Change directory to src/ and run the script with a mandatory URL and optional parameters:

(queue) $ cd src/
(queue) $ python async_queues.py http://localhost:8000/ --max-depth 2 \
                                                        --num-workers 3

Parameters:

Short Name Long Name Value
-d --max-depth number
-w --num-workers number

Note that to change between the available queue types, you'll need to edit your main() coroutine function:

# async_queues.py

# ...

async def main(args):
    session = aiohttp.ClientSession()
    try:
        links = Counter()
        queue = asyncio.Queue()
        # queue = asyncio.LifoQueue()
        # queue = asyncio.PriorityQueue()

# ...

Multiprocessing Queue

Change directory to src/ and run the script with a mandatory MD5 hash value and optional parameters:

(queue) $ cd src/
(queue) $ python async_queues.py a9d1cbf71942327e98b40cf5ef38a960 -m 6 -w 4

Parameters:

Short Name Long Name Value
-m --max-length number
-w --num-workers number

The maximum length determines the maximum number of characters in a text to guess.

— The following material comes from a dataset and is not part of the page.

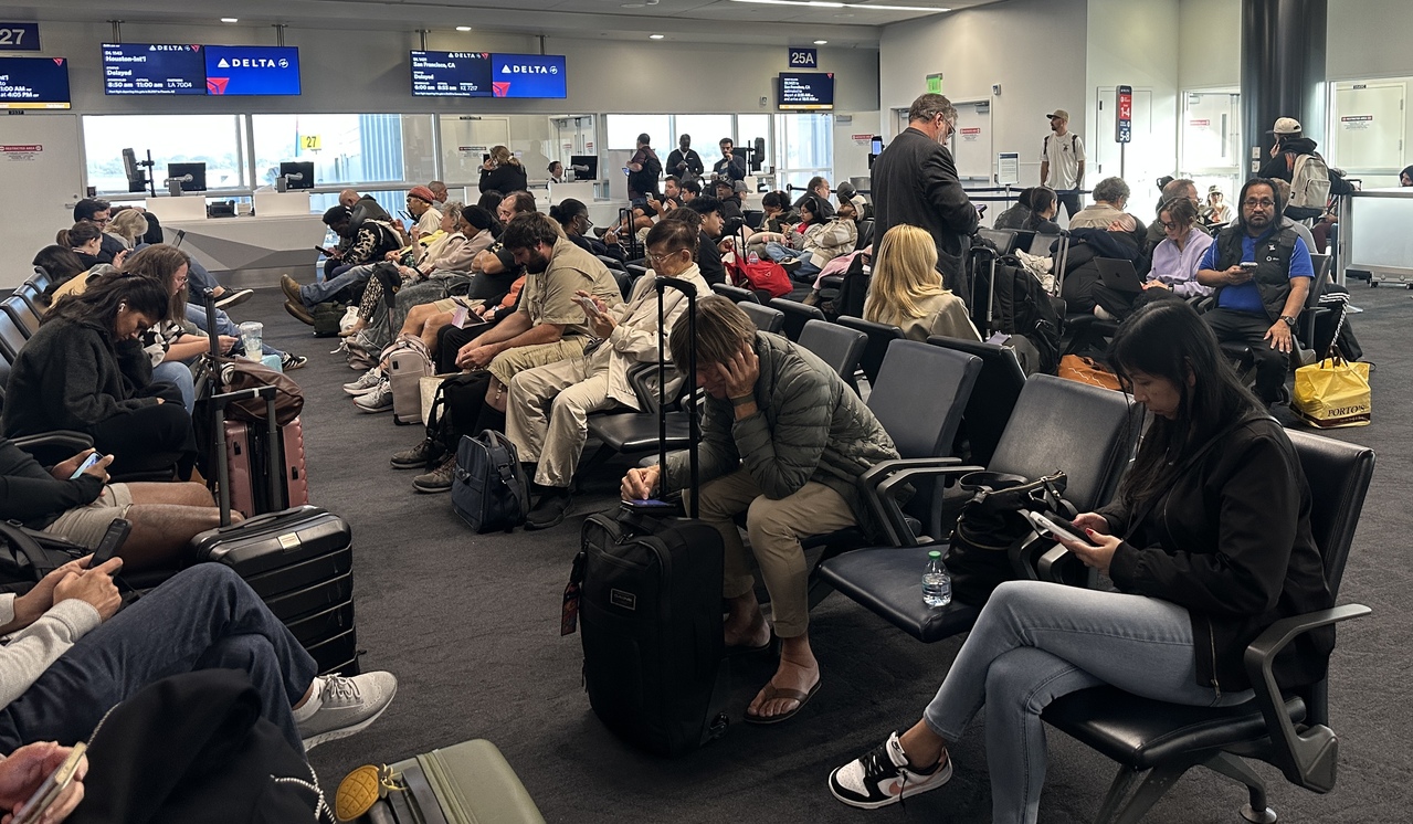 联邦官员近期宣布,TSA PreCheck与Global Entry(全球入境计画)服务暂时调整。图为上次政府停摆时,LAX航班大批取消造成旅客滞留。(记者刘子为/摄影)

If you skip the number of workers, then the script will create as many of them as the number of CPU cores detected.

Message Brokers

RabbitMQ

Start a RabbitMQ broker with Docker:

$ docker run -it --rm --name rabbitmq -p 5672:5672 rabbitmq

Open separate terminal windows, activate your virtual environment, change directory to message_brokers/rabbitmq/, and run your producer and consumer scripts:

(queue) $ cd message_brokers/rabbitmq/
(queue) $ python producer.py
(queue) $ python consumer.py

You can have as many producers and consumers as you like.

Redis

Start a Redis server with Docker:

$ docker run -it --rm --name redis -p 6379:6379 redis

Open separate terminal windows, activate your virtual environment, change directory to message_brokers/redis/, and run your publisher and subscriber scripts:

(queue) $ cd message_brokers/redis/
(queue) $ python publisher.py
(queue) $ python subscriber.py

You can have as many publishers and subscribers as you like.

Apache Kafka

Change directory to message_brokers/kafka/ and start an Apache Kafka cluster with Docker Compose:

$ cd message_brokers/kafka/
$ docker-compose up

Open separate terminal windows, activate your virtual environment, change directory to message_brokers/kafka/, and run your producer and consumer scripts:

(queue) $ cd message_brokers/kafka/
(queue) $ python producer.py
(queue) $ python consumer.py

You can have as many producers and consumers as you like.